Royal Botanic Gardens, Kew, Richmond, Surrey TW9 3AE, UK.
Department of Biology, Aarhus University, 8000 Aarhus C, Denmark.
Syst Biol. 2022 Aug 10;71(5):1124-1146. doi: 10.1093/sysbio/syac012.
Phylogenetic analyses are increasingly being performed with data sets that incorporate hundreds of loci. Due to incomplete lineage sorting, hybridization, and horizontal gene transfer, the gene trees for these loci may often have topologies that differ from each other and from the species tree. The effect of these topological incongruences on divergence time estimation has not been fully investigated. Using a series of simulation experiments and empirical analyses, we demonstrate that when topological incongruence between gene trees and the species tree is not accounted for, the temporal duration of branches in regions of the species tree that are affected by incongruence is underestimated, whilst the duration of other branches is considerably overestimated. This effect becomes more pronounced with higher levels of topological incongruence. We show that this pattern results from the erroneous estimation of the number of substitutions along branches in the species tree, although the effect is modulated by the assumptions inherent to divergence time estimation, such as those relating to the fossil record or among-branch-substitution-rate variation. By only analyzing loci with gene trees that are topologically congruent with the species tree, or only taking into account the branches from each gene tree that are topologically congruent with the species tree, we demonstrate that the effects of topological incongruence can be ameliorated. Nonetheless, even when topologically congruent gene trees or topologically congruent branches are selected, error in divergence time estimates remains. This stems from temporal incongruences between divergence times in species trees and divergence times in gene trees, and more importantly, the difficulty of incorporating necessary assumptions for divergence time estimation. [Divergence time estimation; gene trees; species tree; topological incongruence.].

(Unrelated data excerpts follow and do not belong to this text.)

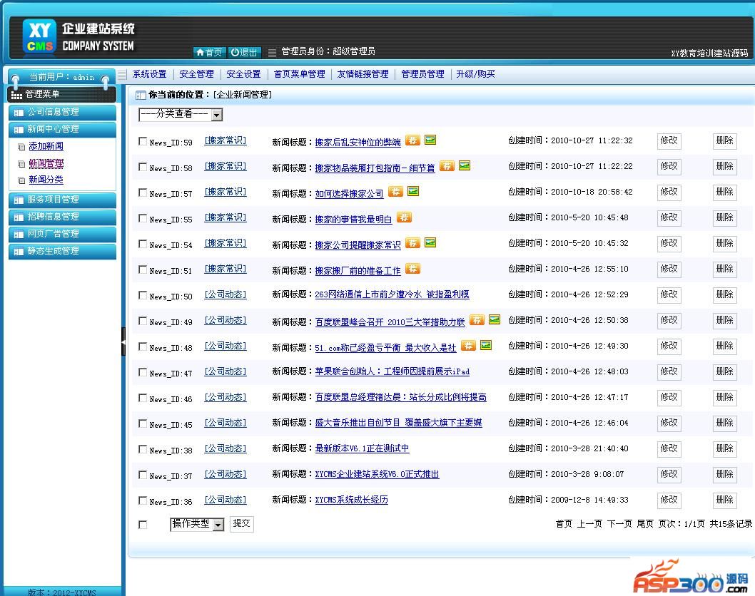 新闻资讯管理:管理新闻信息内容,管理相关分类,添加或者删除
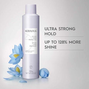 An ultra-strong hold hairspray infused with Biomimetic Silk and Blue Lotus Extract. Our 100% vegan formula ensures excellent style longevity and gives hair up to 128% more shine.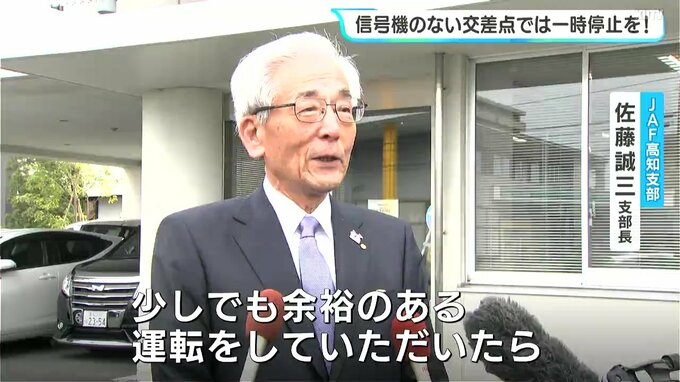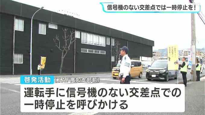 啓発活動は、春の全国交通安全運動にあわせ、高知県内およそ90箇所で行われました。このうち高知市北久保のJAF高知支部前では、JAFや自動車ディーラーの社員らが、車の運転手に信号機のない交差点での一時停止を呼びかけました。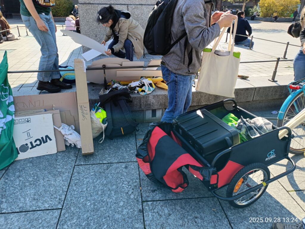 日曜日の午後、レオと私(私はちょこちょこ)参加しているAltanatibaという団体がメインで企画したデモの開催日。14時から始まるデモに合わせて13時から準備開始。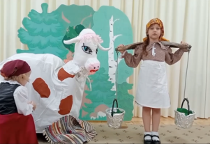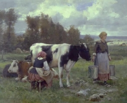 Следующим произведением стало «Доярки в поле» Жюльена Дюпре. (Рис. 3). Дети узнали, что доярка ухаживает за коровами, доит их, кормит, содержит помещения в порядке, заботится о том, чтобы люди получали свежее и полезное молоко. Труд доярки раньше был очень тяжелым. Каждое утро и вечер она надевала халат, косынку и резиновые сапоги, это специальная одежда, и шла доить коров.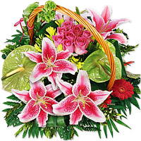 Love AffairPink roses, kaiser lilies and red gerberas offest by green anthuriums are arranged in a basket. The colors of love converge in this effortlessly gorgeous arrangement to make it the perfect gift.Pink roses, kaiser lilies and red gerberas offest by green anthuriums are arranged in a basket. The colors of love converge in this effortlessly gorgeous arrangement to make it the perfect gift. |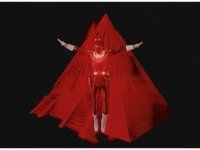 Close on Red, looking at our upper slight left, then our upper slight right, talking into wrist, then motioning arms about, releasing red energy briefly as he summons. |

系统发育分析越来越多地使用包含数百个基因座的数据进行。由于不完全谱系分选、杂交和水平基因转移,这些基因座的基因树往往具有彼此不同且与种系发生树不同的拓扑结构。这些拓扑不和谐对分歧时间估计的影响尚未得到充分研究。通过一系列模拟实验和实证分析,我们证明,当基因树与种系发生树之间存在拓扑不和谐时,如果不考虑这种不和谐,受影响的种系发生树分支的时间持续时间会被低估,而其他分支的持续时间会被大大高估。这种影响随着拓扑不和谐程度的增加而更加明显。我们表明,这种模式是由于错误估计了种系发生树上分支的替代数量所致,尽管这种效应受到分歧时间估计中固有的假设的调节,例如与化石记录或分支间替代率变化有关的假设。通过仅分析与种系发生树拓扑一致的基因树的基因座,或者仅考虑与种系发生树拓扑一致的每个基因树的分支,我们证明可以减轻拓扑不和谐的影响。尽管如此,即使选择拓扑一致的基因树或拓扑一致的分支,分歧时间估计仍会存在误差。这源于种系发生树中的分歧时间与基因树中的分歧时间之间的时间不和谐,更重要的是,难以纳入分歧时间估计所需的假设。[分歧时间估计;基因树;种系发生树;拓扑不和谐。]。